Abstract

Air pollution is one of the most pressing environmental challenges of the modern era, significantly impacting public health, ecosystems, and economic stability. Pollutants such as PM2.5, PM10, and NO₂—largely driven by urbanization, industrialization, and vehicular emissions—have exacerbated global health issues, including respiratory illnesses, cardiovascular diseases, and premature mortality. According to the World Health Organization, air pollution contributes to over 7 million deaths annually, with economic losses amounting to billions of dollars. Beyond its health and financial toll, air pollution worsens climate change, underscoring the urgent need for accurate air quality index (AQI) prediction to enable timely interventions and evidence-based policymaking. Traditional statistical models like ARIMA and linear regression have long been used for air quality forecasting. However, their inability to capture non-linear relationships, temporal patterns, and meteorological influences limits their effectiveness.

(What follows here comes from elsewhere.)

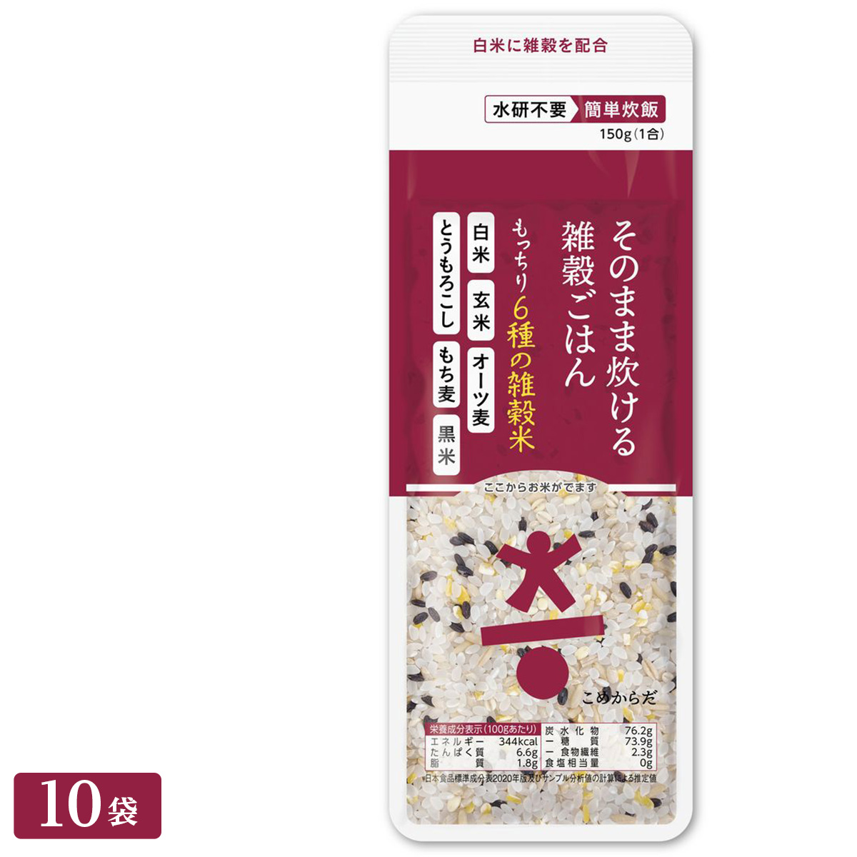 ・原料配合は、うるち米(無洗米)、金のいぶき玄米、もち麦、オーツ麦、とうもろこし、黒米を配合。

Recent advancements in machine learning and deep learning techniques have revolutionized air quality prediction. Models such as Random Forest and Gradient Boosting are adept at handling complex data relationships and hybrid approaches like CNN-LSTM and ARIMA-LSTM offer superior capabilities in modeling spatial and temporal dependencies. These approaches, when combined with real-time meteorological and geospatial data, have significantly improved the accuracy and reliability of air quality predictions. This study aims to develop a robust and adaptive AQI prediction framework using the OpenAQ dataset, a comprehensive repository of real-time air quality data from diverse global locations. The research will focus on preprocessing, exploratory data analysis (EDA), and the application of advanced modeling techniques to address existing limitations. By integrating variables such as temperature, humidity, and wind speed, the models will enhance prediction accuracy and regional adaptability. Metrics including RMSE, MAE, and R² will be used to evaluate model performance. The outcomes of this research are expected to provide actionable insights for policymakers, urban planners, and environmental agencies, fostering proactive pollution mitigation strategies.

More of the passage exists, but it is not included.